Comment 6 for bug 1785816

Revision history for this message
Colin Ian King (colin-king) wrote :

With config CONFIG_NETWORK_PHY_TIMESTAMPING enabled, the calls to skb_clone_tx_timestamp() and skb_defer_rx_timestamp() are enabled (these normally are empty inlined no-op functions). The overhead from what I can see is very small, for example for the tx path:

static unsigned int classify(const struct sk_buff *skb)
{
        if (likely(skb->dev && skb->dev->phydev &&
                   skb->dev->phydev->drv))
                return ptp_classify_raw(skb);
        else
                return PTP_CLASS_NONE;
}

void skb_clone_tx_timestamp(struct sk_buff *skb)
{
        struct phy_device *phydev;
        struct sk_buff *clone;
        unsigned int type;

        if (!skb->sk)
                return;

        type = classify(skb);
        if (type == PTP_CLASS_NONE)
                return;

        phydev = skb->dev->phydev;
        if (likely(phydev->drv->txtstamp)) {
                clone = skb_clone_sk(skb);
                if (!clone)
                        return;
                phydev->drv->txtstamp(phydev, clone, type);
        }
}

The classify() call is an overhead that runs a minimal BPF dissector to classify a network packet to
determine the PTP class. For the default non PTP case this returns PTP_CLASS_NONE. The BPF classifier is just 3-4 BPF branches (depending on the protocol), so it's a very small overhead per packet in the default non-PTP cases.

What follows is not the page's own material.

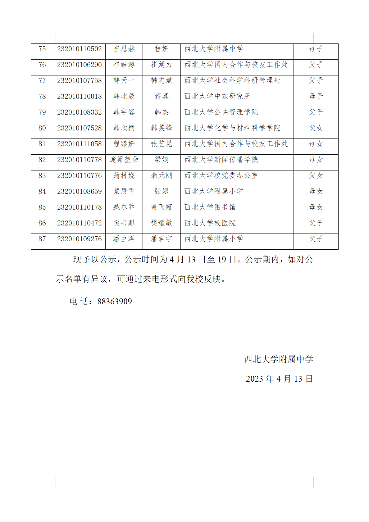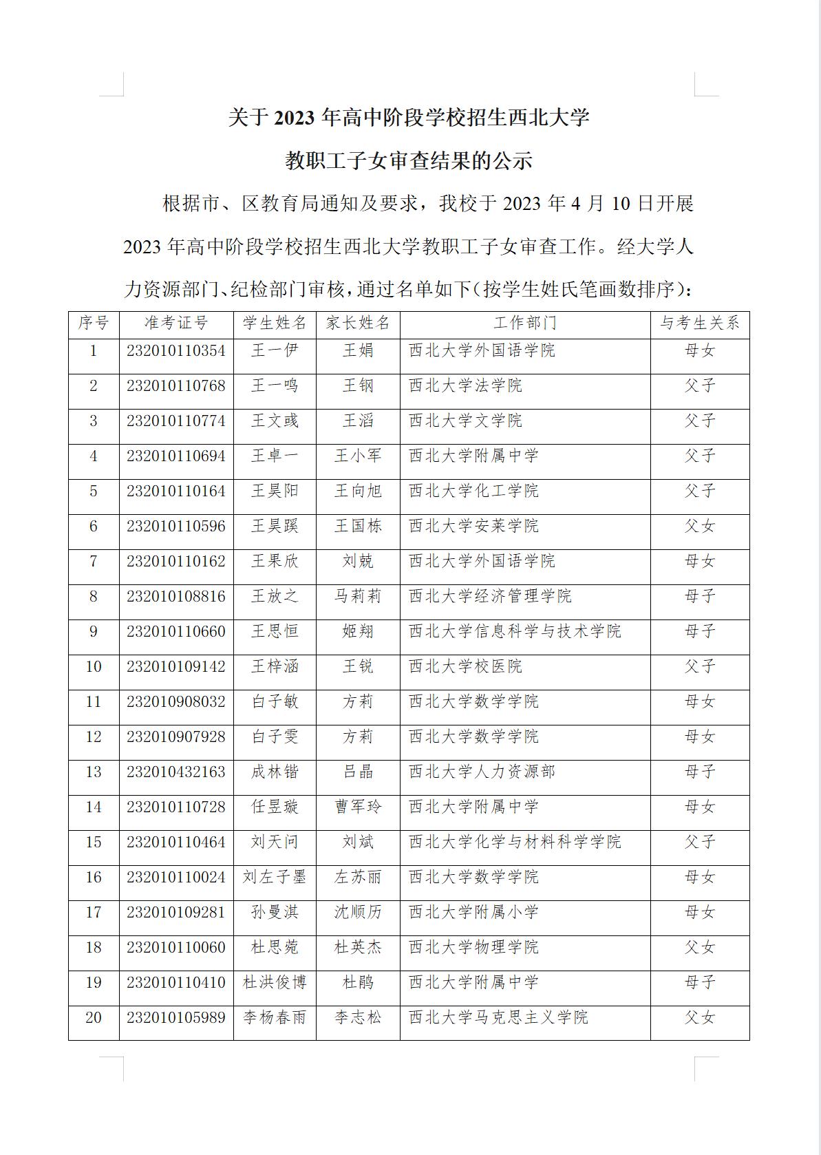 关于2023年高中阶段学校招生beat365唯一官网教职工子女审查结果的公示

I ran some perf timings on TCP data being sent and received to a host over a 100 Mbit/s ethernet between to 8 thread Xeon servers and measured CPU cycles, instruction and branch activity with perf. 1 GB of raw data was transferred to/from the machines using netcat on otherwises idle systems. Each test was run 10 times and the average, standard deviation (population) and % standard deviation was computed.

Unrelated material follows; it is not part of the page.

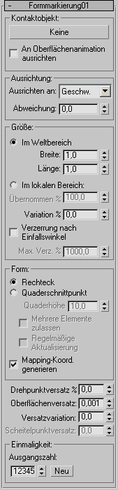 Max. Verz[errung] % Mit dieser Option wird der maximale Prozentsatz eingestellt, um den Partikelfluss die Markierung dehnen kann. Diese Option ist nur verfügbar, wenn die Option "Verzerrung nach Einfallswinkel" aktiviert ist. Vorgabe = 1.000.

I compared a default 4.17.0-6-generic Ubuntu Cosmic kernel against the same kernel with CONFIG_NETWORK_PHY_TIMESTAMPING. I could not observe any noticeable impact with the CONFIG_NETWORK_PHY_TIMESTAMPING config - mainly because the noise in the perf measurements was larger than any detectable difference (see the % standard deviation rates).

Since I can't easily measure the performance impact any more accurately than instruction and branch counts, I conclude that the impact of this config is not easily measurable and too small to be a concern.

Data in a libreoffice spread sheet is attached.

I therefore deem this config is OK to be enabled for by default for our kernels.